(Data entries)
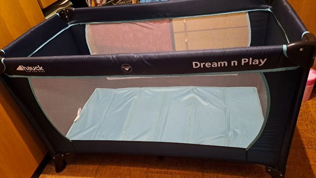 Detalles del productoCuna de viaje plegable, con colchón. 125*65*76(altura), hasta 15kg (1mes-3 años). Marca Hauck. Modelo Dream'n'Play. Color azul marino y turquesa. Con ventanas de tejido de malla, permite transpiración. Cremallera lateral (se lo pasará genial entrando y saliendo). Con bolsa de transporte. Muy fácil de montar y de desmontar. En muy buen estado, poco uso. Medidas del producto
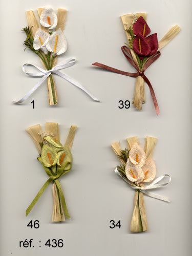 2 Bouquets composés chacun de 3 arums,de feuillage, de raphia et de ruban.
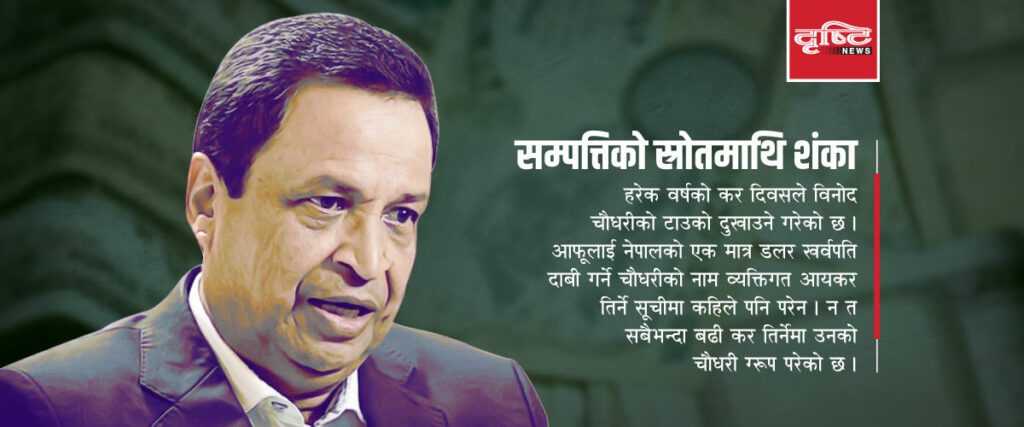 त्यसो त नेपालका एक मात्र कथित डलर खर्बपति ठान्ने विनोद चौधरीसमेत सबैभन्दा बढी कर तिर्ने करदातामा नपर्नुले उनको खर्बौको सम्पत्तिको स्रोतमाथि पनि शंका उठेको छ ।
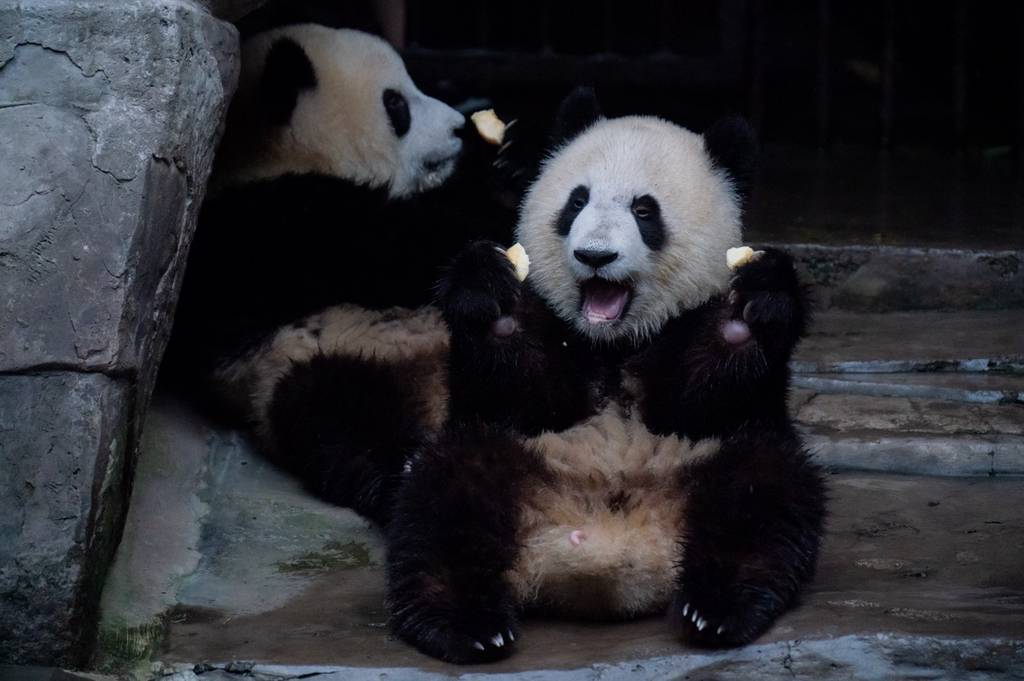 原标题:萌化了!大熊猫雨中“围炉煮茶”
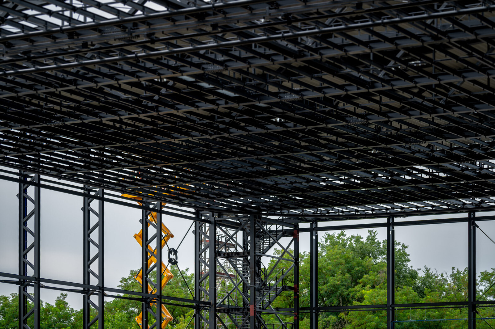 „Az elkövetkezendő időszakban a belső hanggátló falak acélszerkezetének kivitelezése és a fal szerelése következik, valamint a műtermek fedése utáni a catwalk és mother grid rendszer felett és a tető alatt elhelyezendő gépészeti, sprinkler és elektromos szerelések adnak nagy szervezési feladatot. Ezt úgy fogjuk elvégezni, hogy a mother grid rendszerre több ütemben állványzatot készítünk, hogy munkavédelmi szempontból megfelelő munkaszintet tudjunk biztosítani az ott dolgozóknak.”
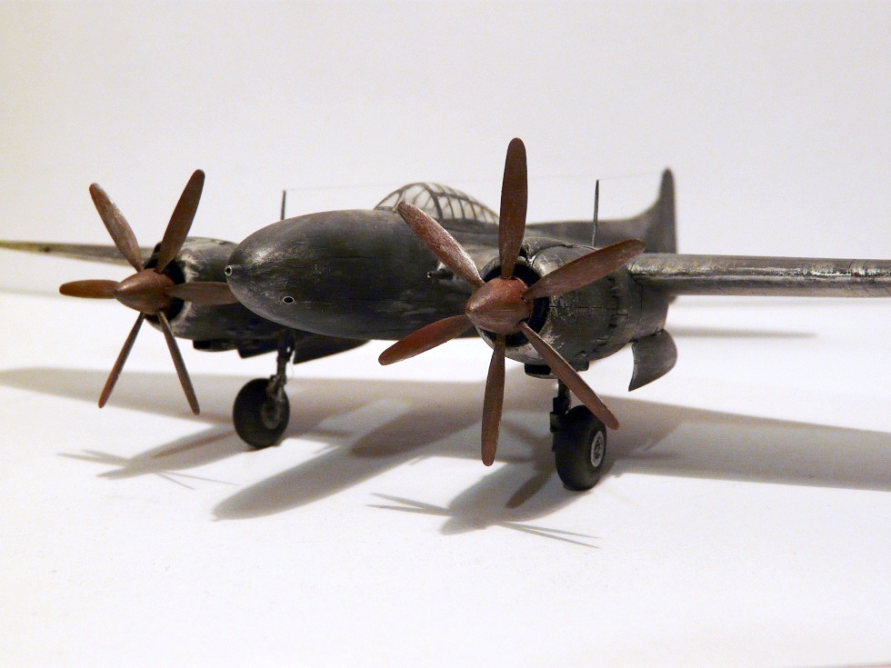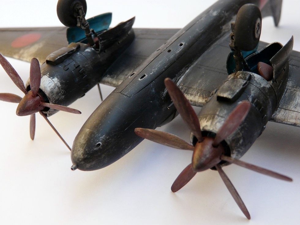 Модель собиралась в этом году. За основу была взята "Гинга" от Хасегавы. От работы с моделью получил удовольствие, все доработки из подручных средств. В основном дорабатывались ниши шасси, винты и внутренности кабины. Гаргрот самодельный. Много повозился с индивидуальными выхлопными патрубками, их много и каждый пришлось расточить...
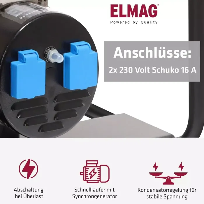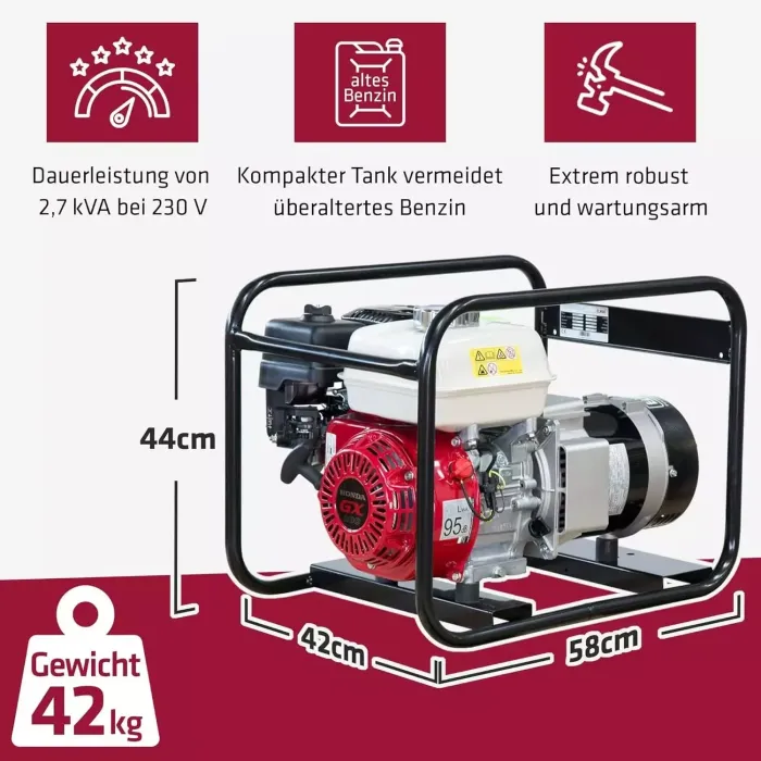 Здравата тръбна рамка предпазва устройствата по време на сервизно обслужване, обслужване на клиенти и монтажни работи, както и за захранване на строителни площадки, за комунални услуги и в селското стопанство. Бензиновите бързооборотни машини със синхронен генератор са правилният избор, когато става въпрос за краткосрочно захранване на всякакви консуматори на енергия и инструменти. Това включва осветителни системи, бойлери, вентилатори за горещ въздух, котлони, бормашини, ръчни циркулярни и верижни триони, косачки за трева, водни помпи и др.
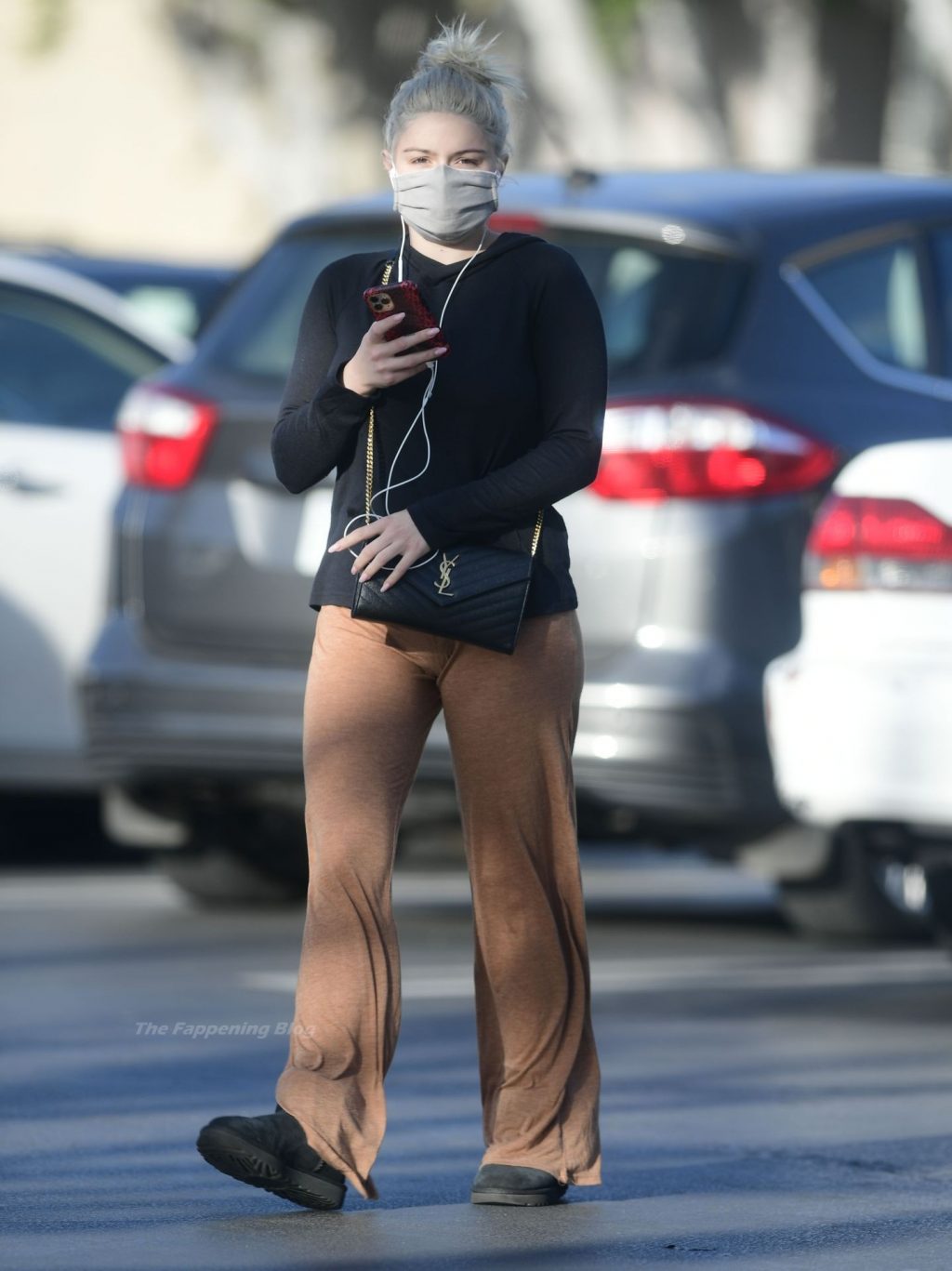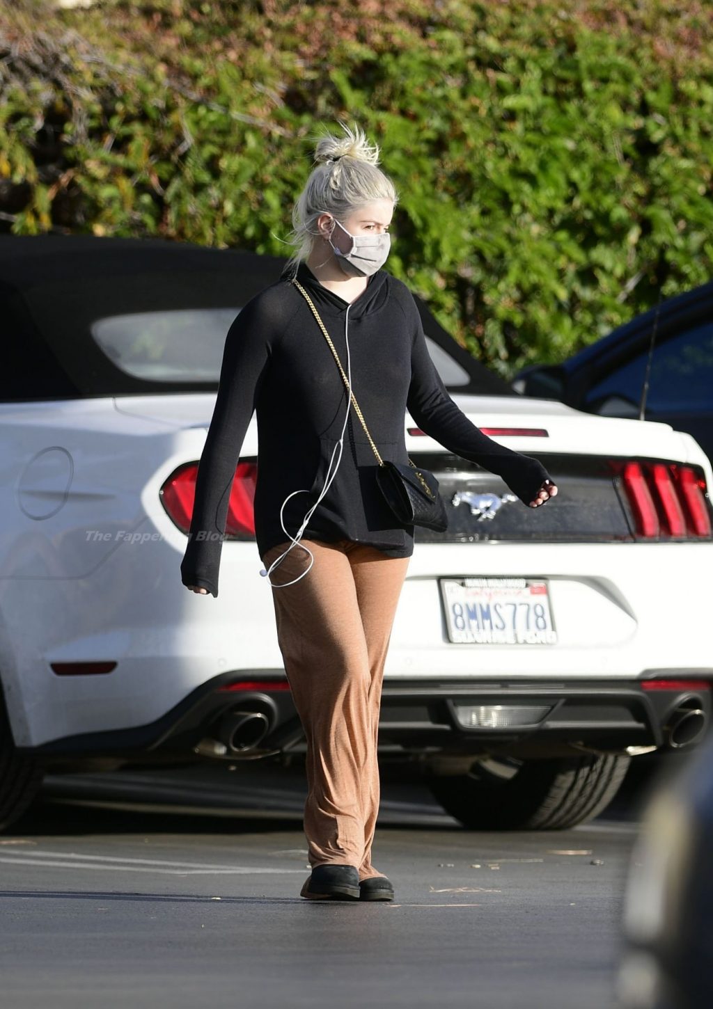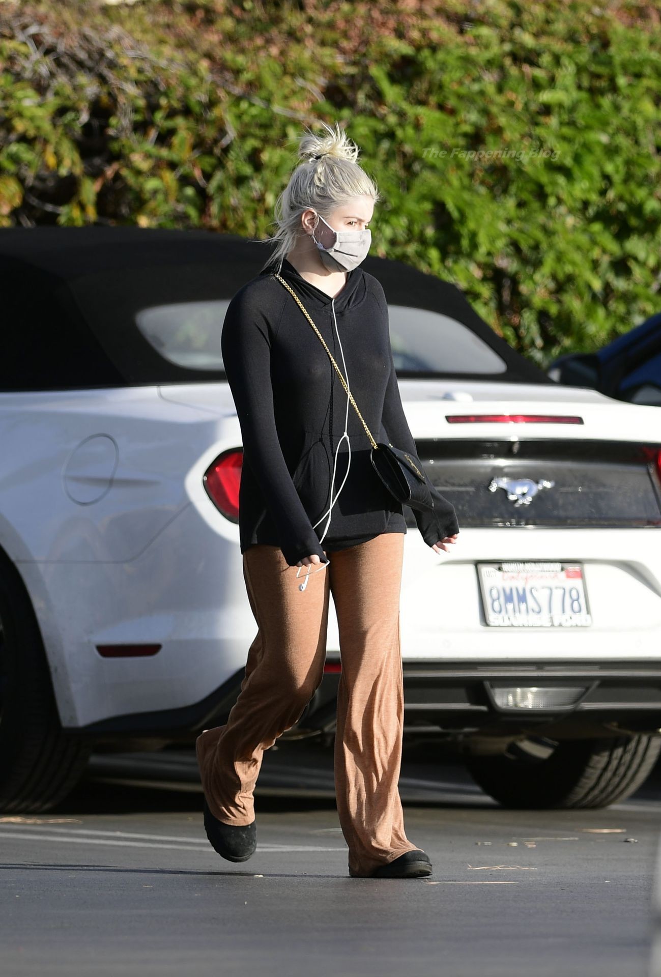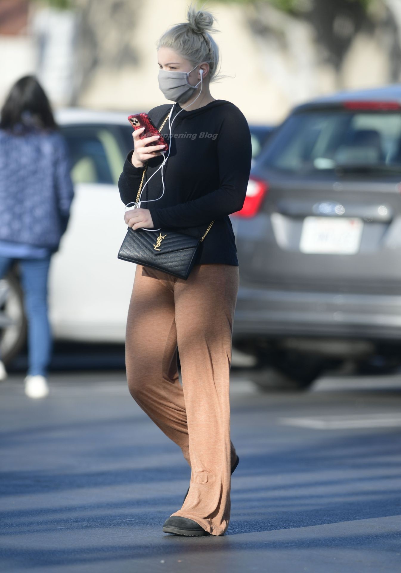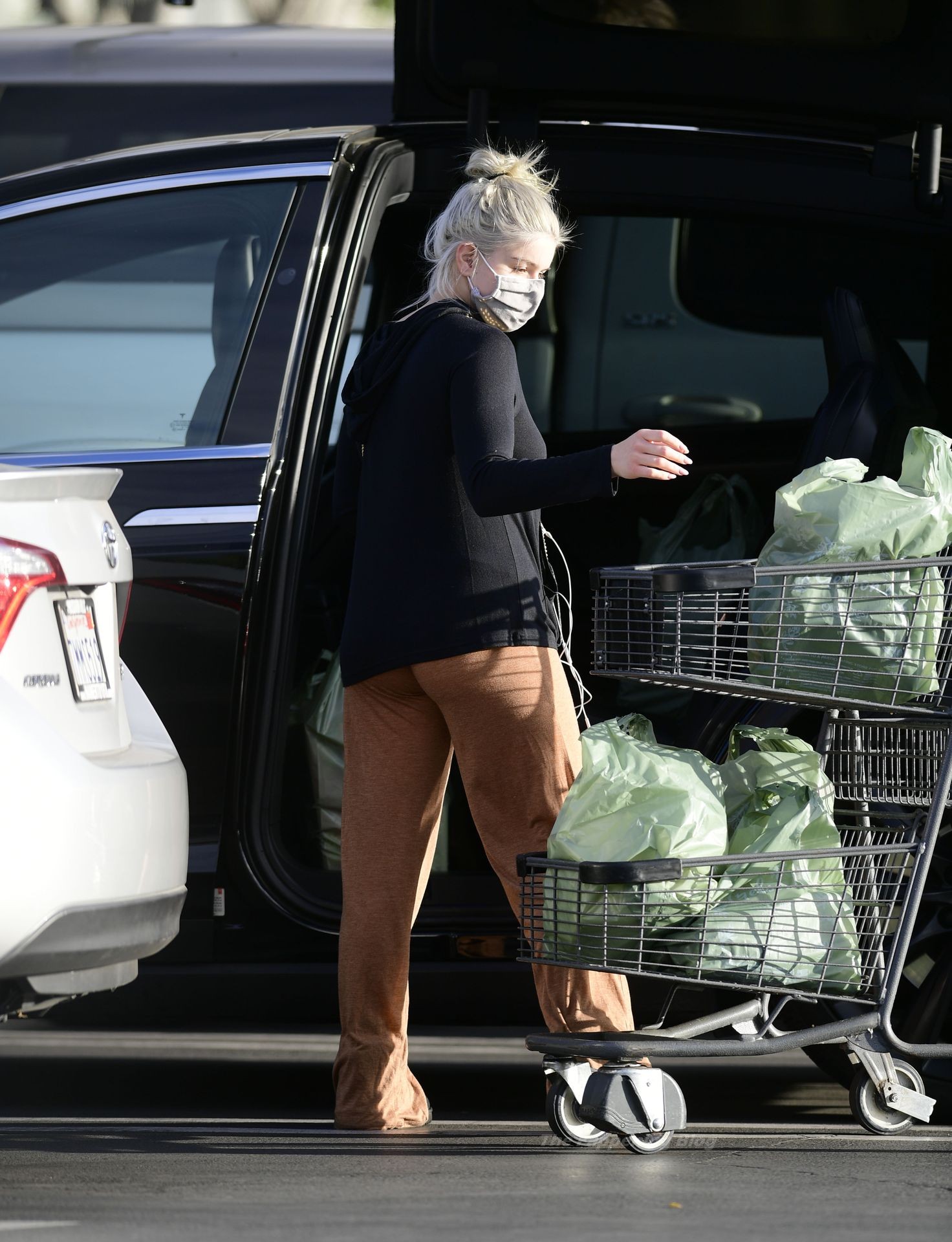Ariel Winter va al supermercado en Los Ángeles, 22/01/2021. La actriz de 22 años llevaba una bolsa YSL y usaba una mascarilla, camisa negra, pantalones de cobre y botas negras.
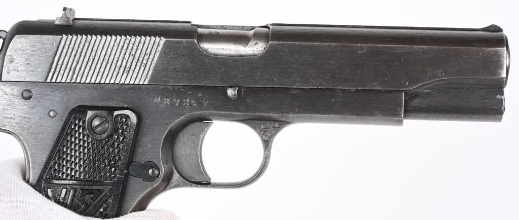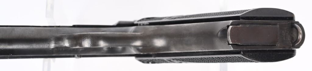 SERIAL NUMBER M3724 BARREL 4 5/8 CALIBER 9X19 PARA MANUFACTURED WW2.Produced in the 1st alphabet series with black bakalite grips with small retaining screws, and take down latch. All matching numbers including frame barrel and slide. Inspected Eagle 77 & Eagle 623 with German designation "P 35 (P)" slide marking. CONDITION, Very fine with over 95% blue finish remaining. Bore is very fine and action operates properly. Grips are very fine with no cracks. NOT IMPORT MARKED C&R.

Task to carry out. Print the data word for word and omit the pictures.

Task answer.
 Detalles del productoCuna de viaje plegable, con colchón. 125*65*76(altura), hasta 15kg (1mes-3 años). Marca Hauck. Modelo Dream'n'Play. Color azul marino y turquesa. Con ventanas de tejido de malla, permite transpiración. Cremallera lateral (se lo pasará genial entrando y saliendo). Con bolsa de transporte. Muy fácil de montar y de desmontar. En muy buen estado, poco uso. Medidas del producto
 2 Bouquets composés chacun de 3 arums,de feuillage, de raphia et de ruban.
 त्यसो त नेपालका एक मात्र कथित डलर खर्बपति ठान्ने विनोद चौधरीसमेत सबैभन्दा बढी कर तिर्ने करदातामा नपर्नुले उनको खर्बौको सम्पत्तिको स्रोतमाथि पनि शंका उठेको छ ।
 原标题:萌化了!大熊猫雨中“围炉煮茶”
 „Az elkövetkezendő időszakban a belső hanggátló falak acélszerkezetének kivitelezése és a fal szerelése következik, valamint a műtermek fedése utáni a catwalk és mother grid rendszer felett és a tető alatt elhelyezendő gépészeti, sprinkler és elektromos szerelések adnak nagy szervezési feladatot. Ezt úgy fogjuk elvégezni, hogy a mother grid rendszerre több ütemben állványzatot készítünk, hogy munkavédelmi szempontból megfelelő munkaszintet tudjunk biztosítani az ott dolgozóknak.”
 Модель собиралась в этом году. За основу была взята "Гинга" от Хасегавы. От работы с моделью получил удовольствие, все доработки из подручных средств. В основном дорабатывались ниши шасси, винты и внутренности кабины. Гаргрот самодельный. Много повозился с индивидуальными выхлопными патрубками, их много и каждый пришлось расточить...
 Здравата тръбна рамка предпазва устройствата по време на сервизно обслужване, обслужване на клиенти и монтажни работи, както и за захранване на строителни площадки, за комунални услуги и в селското стопанство. Бензиновите бързооборотни машини със синхронен генератор са правилният избор, когато става въпрос за краткосрочно захранване на всякакви консуматори на енергия и инструменти. Това включва осветителни системи, бойлери, вентилатори за горещ въздух, котлони, бормашини, ръчни циркулярни и верижни триони, косачки за трева, водни помпи и др.
Ariel Winter va al supermercado en Los Ángeles, 22/01/2021. La actriz de 22 años llevaba una bolsa YSL y usaba una mascarilla, camisa negra, pantalones de cobre y botas negras.
 SERIAL NUMBER M3724 BARREL 4 5/8 CALIBER 9X19 PARA MANUFACTURED WW2.Produced in the 1st alphabet series with black bakalite grips with small retaining screws, and take down latch. All matching numbers including frame barrel and slide. Inspected Eagle 77 & Eagle 623 with German designation "P 35 (P)" slide marking. CONDITION, Very fine with over 95% blue finish remaining. Bore is very fine and action operates properly. Grips are very fine with no cracks. NOT IMPORT MARKED C&R.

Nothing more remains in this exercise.